The quick success to getting a signed framework agreement – something that did not occur in the year after the Port Authority originally chose DECCO as the port developer – “pleasantly surprised” Port Authority Chairman Stefan Baraud.

“I was a little concerned,” he said. “But these guys have a good sense of the project and I think their enthusiasm is properly gauged. They’re excited to be involved, but at the same time they know there’s a lot of work ahead.”

Mr. Baraud said the framework agreement sets out a four-month time period for negotiations to lead to a contract. The key to those negotiations will be coming to an agreement on a feasible financial model to fund the construction.

Premier McKeeva Bush said negotiations ended with DECCO, a Dart Group subsidiary, because the government couldn’t agree to the length of term of a lease of the new port facility that would give the developer the opportunity to recoup its investment and earn a profit.

“It’s not that their plan wasn’t workable,” Mr.
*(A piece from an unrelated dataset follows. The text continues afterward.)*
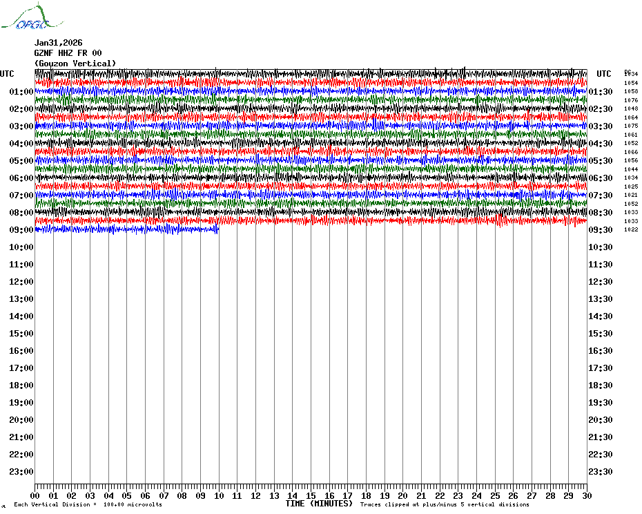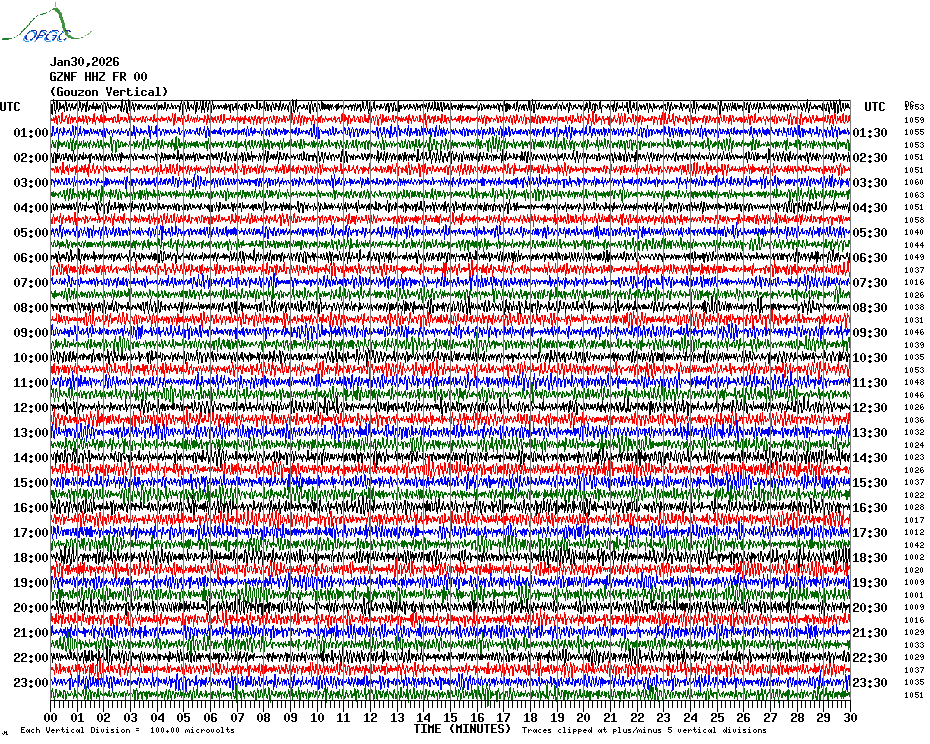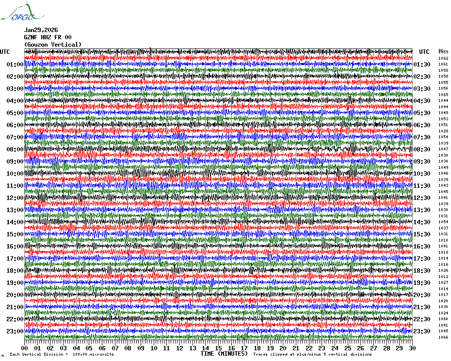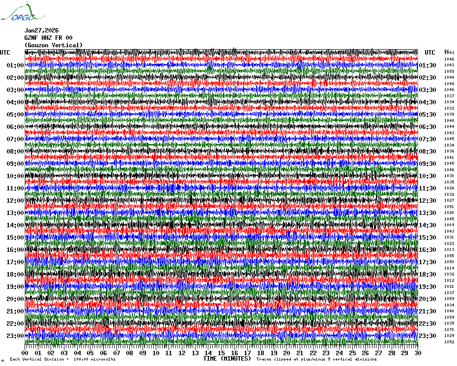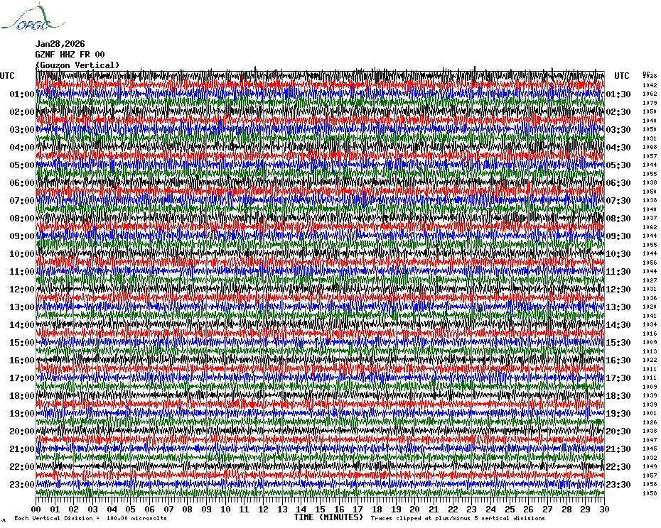 Sismogrammes du Réseau Sismologique Auvergne par fenêtre de 24h

Bush said. “They wanted 99 years and I could not give them that.”

Under the DECCO proposal, ministerial council for tourism Cline Glidden had indicated the cost of the project could be as high as $300 million. However, Mr. Baraud said the project would now be scaled down from the DECCO plan. He said a preliminary engineering estimate for the construction of two cruise berthing piers for four ships, along with the reclamation of eight acres of sea to use for passenger disembarkation and construction of infrastructure for government agencies such as Customs, Immigration and Port security was $141 million.

Mr. Baraud said GLF agreed to a lease of 30 years or less and that depending on factors such as the ultimate scale of the project and the financing terms, it was possible that there wouldn’t be the need for a lease at all.
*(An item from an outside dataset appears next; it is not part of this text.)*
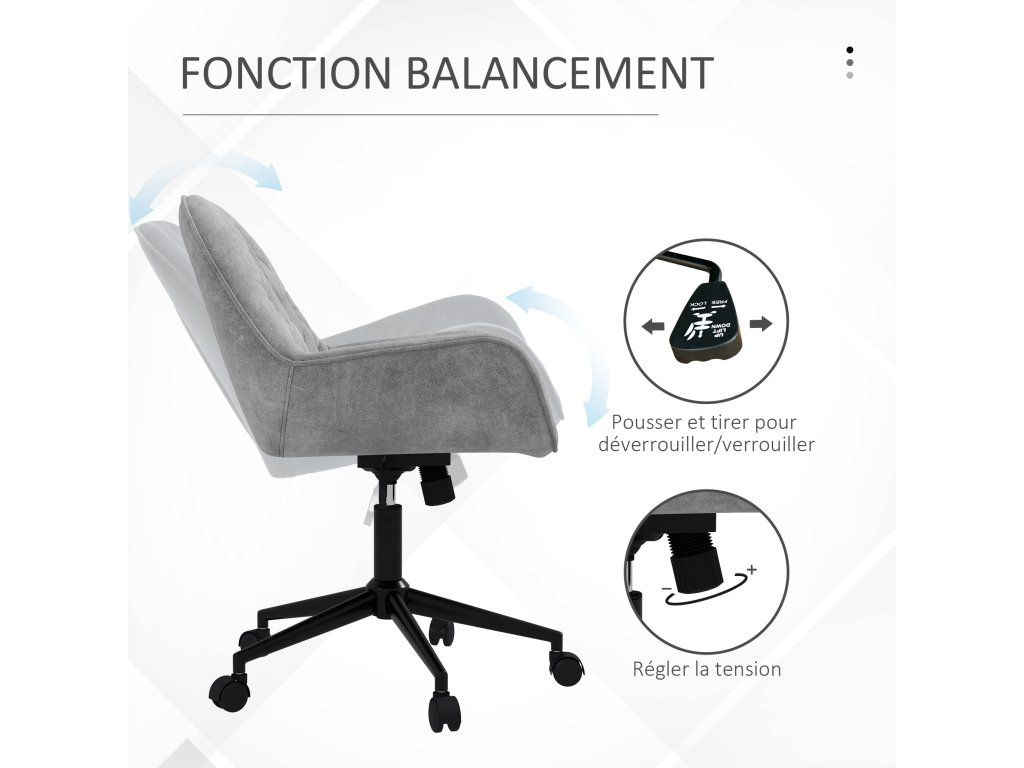 Zvolte si toto kancelářské křeslo ve volnočasovém stylu od společnosti Vinsetto pro odpočinek nebo pro svou práci. Křeslo k PC můžete umístit do kanceláře, ložnice nebo obývacího pokoje. Díky ergonomickému designu, silnému polstrování a měkké látce nabízí kancelářská židle mimořádné pohodlí při dlouhodobém používání. Výšku sedáku si můžete nastavit pro lepší pocit ze sezení. Otočná kolečka vám umožní rychlý pohyb.

“Cheap money is what is necessary for the project,” he said, referring to the kind of financing terms sought.

Mr. Baraud said the cruise lines had originally suggested two acres of reclaimed land per cruise ship berth, but as part of the scaling down of the project and the desire to limit the length of any lease to the facility given to the contractors, it might be possible to reclaim less land to reduce costs. Another possibility was for GLF to take an equity position in the project, he said.

The next step in the process is to start working on the financial feasibility and business model for the project. Mr. Baraud said Tully Cornick and Henk de Zeeuw from KPMG had been engaged as financial advisors for the Port Authority. One part of the process will be starting discussions, probably early next year, with the cruise lines to discuss the possible fees that could be paid on a per passenger basis to help repay the cost of construction.
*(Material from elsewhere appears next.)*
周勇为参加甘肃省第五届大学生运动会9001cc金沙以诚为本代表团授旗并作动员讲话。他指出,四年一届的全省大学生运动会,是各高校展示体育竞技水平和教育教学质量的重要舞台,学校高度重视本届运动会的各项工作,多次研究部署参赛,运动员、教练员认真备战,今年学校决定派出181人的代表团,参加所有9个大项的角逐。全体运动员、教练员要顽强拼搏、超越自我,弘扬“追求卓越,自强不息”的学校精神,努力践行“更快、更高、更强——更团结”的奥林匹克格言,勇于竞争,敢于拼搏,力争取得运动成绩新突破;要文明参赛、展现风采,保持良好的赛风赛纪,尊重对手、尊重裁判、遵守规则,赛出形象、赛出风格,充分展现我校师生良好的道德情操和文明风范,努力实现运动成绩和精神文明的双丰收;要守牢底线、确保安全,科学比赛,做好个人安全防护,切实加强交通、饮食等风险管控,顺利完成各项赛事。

Parallel to the financial model negotiations, a number of other things would be dealt with, including the geo-technical studies. When the decision to go with GLF/Royal was announced last week, the government stated that DECCO had agreed to assist in the project by making its completed work packages available to the Port Authority. However, Mr. Baraud said that since the scale of the project had now changed, some of those studies – such as the environmental impact study – would possibly no longer be usable.

Mr. Baraud discounted claims that GLF wasn’t capable of taking on the Cayman cruise berthing project.

“They’re a massive group, with a lot of work experience that is very relevant to what they’re doing here,” he said.

Royal Construction Managing Director Howard Finlason said GLF, which is headquartered in Italy, is working on one of the largest marine projects ever undertaken, the Venice Lagoon defence from high waters. He said the Royal Construction website (www.royalconstructionltd.com) had a link under partnerships to the GLF website, which listed some of its major infrastructure projects in the US and internationally.

Mr. Finlason said he was pleased to have reached the framework agreement stage so quickly.

“Now it’s full speed ahead to try and get a contract signed,” he said.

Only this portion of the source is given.